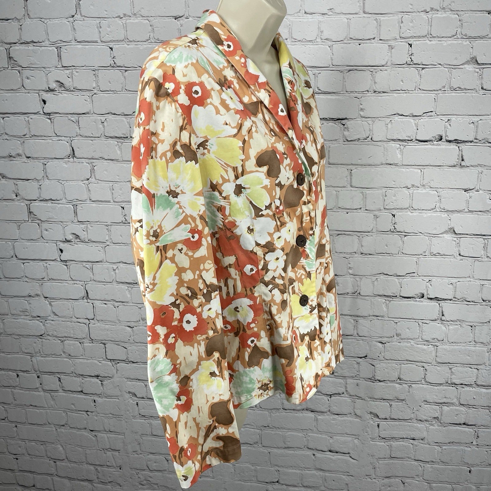 Coldwater Creek Floral Cotton Lightweight 3 Button Blazer Jacket Size Large L
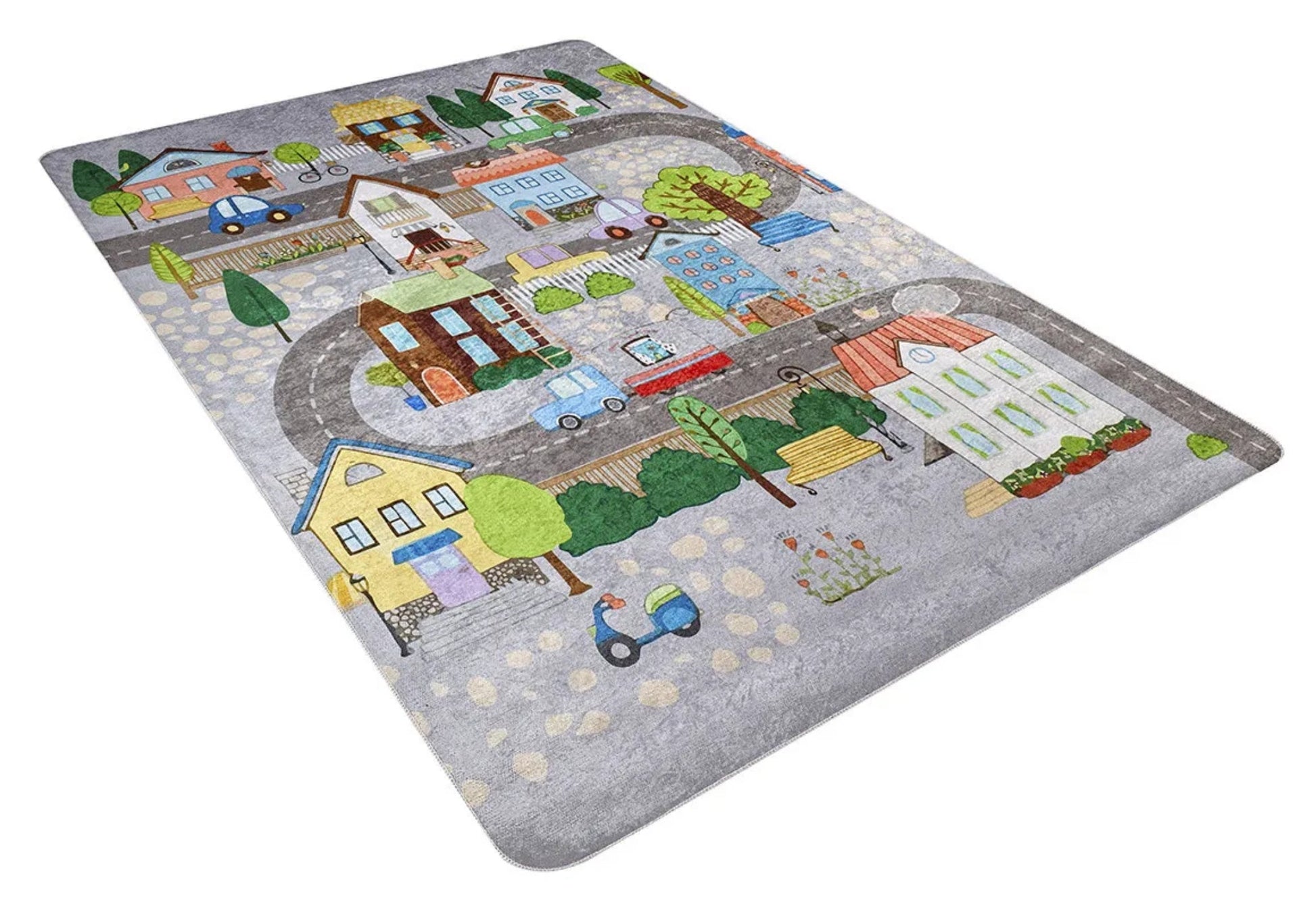 The Kids Cars Rug is a premium grey digital print carpet designed specifically for children's playrooms and bedrooms. This kids cars rug transforms any space into a fun and safe area for your child to play, featuring a vibrant car pattern rug that sparks imagination while providing a soft floor covering. Made from high-quality materials, this children's carpet is antibacterial and allergy friendly, ensuring a healthy environment for your little ones. The non slip kids rug design prevents accidents, making it perfect for active play. Measuring [insert specific dimensions], it fits perfectly in any kids bedroom carpet setup or playroom rug arrangement.
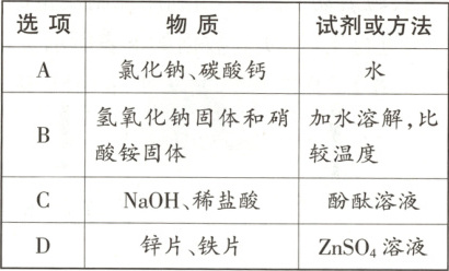 2.D 提示:锌片和铁片都不能和 $ZnSO_4$溶液反应,都无明显现象,不能区分,故D项符合题意。
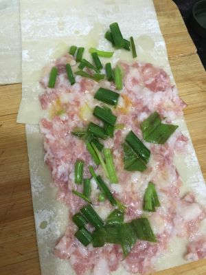 把肉沫涂在馄饨皮上 还有葱段 撒盐 以此类推 可以叠加在上面
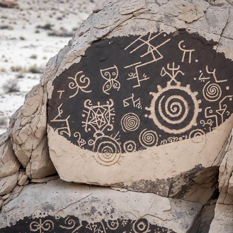 Ancient Petroglyphs on Desert Rock
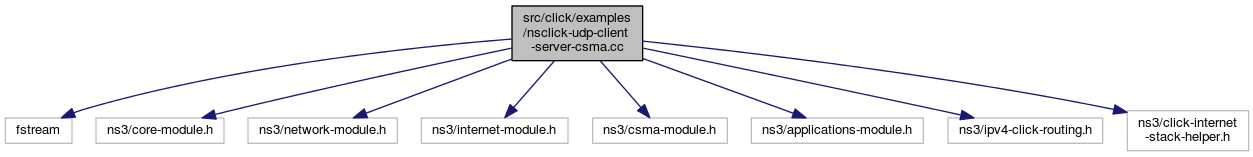 NS_LOG_COMPONENT_DEFINE ("NsclickUdpClientServerCsma") | |
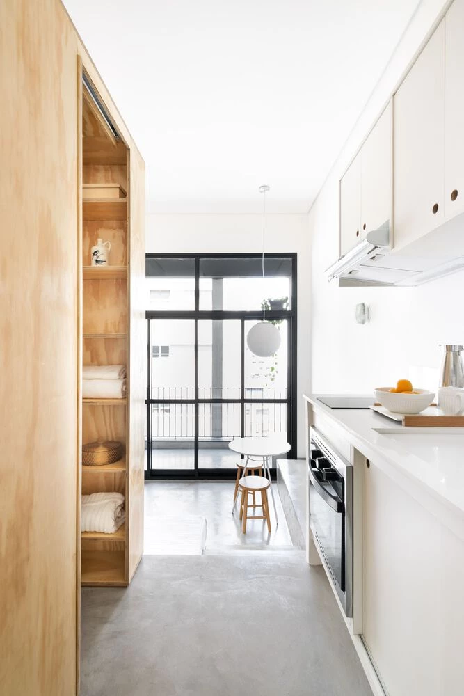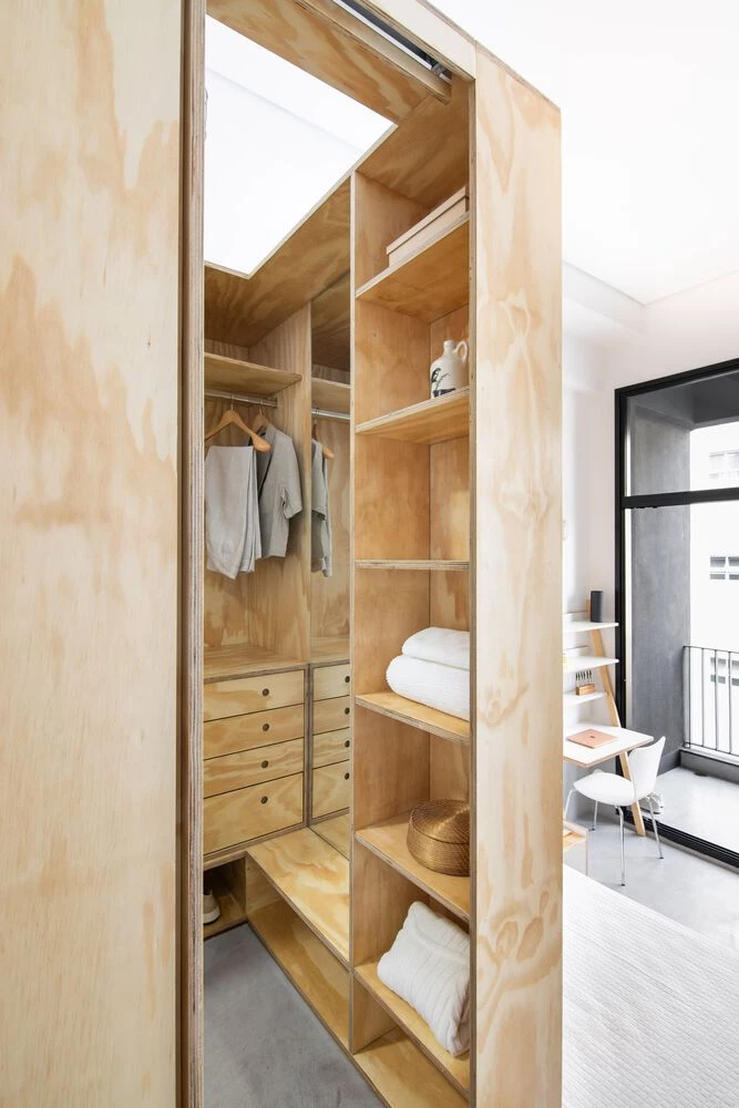 Los espacios de guardado fueron pensados para tener varias funciones. Por fuera, cuando se ingresa al departamento, sirve para dejar los zapatos o como despensa de cocina. Próximo a la cama, sirve de mesita de noche. Adentro, a pesar de ser pequeño, es bien completo con cajoneras, percheros y un espejo que está frente a la salida del baño, aportando más comodidad a la hora de cambiarse de ropa.
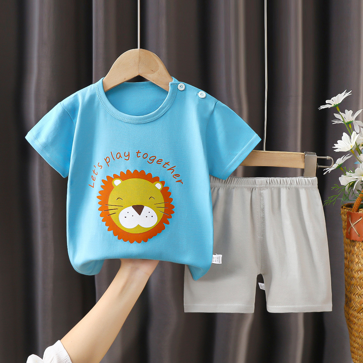 儿童短袖套装夏季纯棉男童衣服薄款女童t恤夏装服装宝宝童装批发
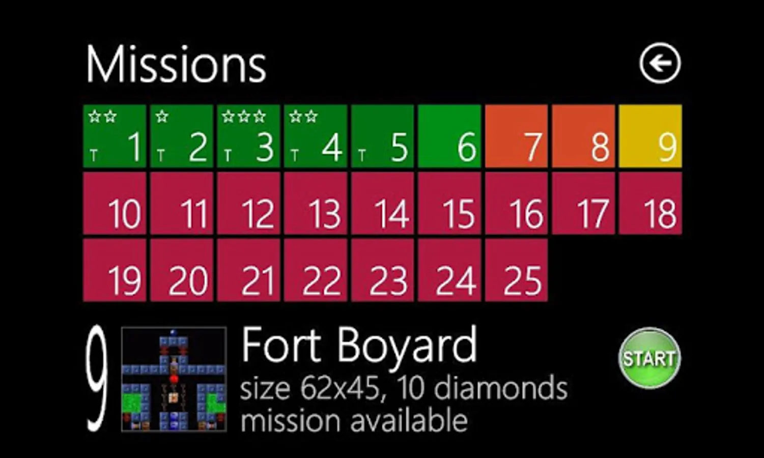 Mission game is a classic old style game (such as were games Boulderdash or Supaplex) in the new form. Agent (you) must collect the diamonds and go to the exit. But your work is complicated by falling boulders, insidious brutes and much other. You walk on the grass, which disappears behind you and the path which you choose fundamentally influences the course of the each mission.

⁂

* Exercise prompt *
Where an entry contains an image, drop the image and copy everything else word for word.

* Written answer *
 Coldwater Creek Floral Cotton Lightweight 3 Button Blazer Jacket Size Large L
 The Kids Cars Rug is a premium grey digital print carpet designed specifically for children's playrooms and bedrooms. This kids cars rug transforms any space into a fun and safe area for your child to play, featuring a vibrant car pattern rug that sparks imagination while providing a soft floor covering. Made from high-quality materials, this children's carpet is antibacterial and allergy friendly, ensuring a healthy environment for your little ones. The non slip kids rug design prevents accidents, making it perfect for active play. Measuring [insert specific dimensions], it fits perfectly in any kids bedroom carpet setup or playroom rug arrangement.
 2.D 提示:锌片和铁片都不能和 $ZnSO_4$溶液反应,都无明显现象,不能区分,故D项符合题意。
 把肉沫涂在馄饨皮上 还有葱段 撒盐 以此类推 可以叠加在上面
 Ancient Petroglyphs on Desert Rock
 NS_LOG_COMPONENT_DEFINE ("NsclickUdpClientServerCsma") | |
 Los espacios de guardado fueron pensados para tener varias funciones. Por fuera, cuando se ingresa al departamento, sirve para dejar los zapatos o como despensa de cocina. Próximo a la cama, sirve de mesita de noche. Adentro, a pesar de ser pequeño, es bien completo con cajoneras, percheros y un espejo que está frente a la salida del baño, aportando más comodidad a la hora de cambiarse de ropa.
 儿童短袖套装夏季纯棉男童衣服薄款女童t恤夏装服装宝宝童装批发
 Mission game is a classic old style game (such as were games Boulderdash or Supaplex) in the new form. Agent (you) must collect the diamonds and go to the exit. But your work is complicated by falling boulders, insidious brutes and much other. You walk on the grass, which disappears behind you and the path which you choose fundamentally influences the course of the each mission.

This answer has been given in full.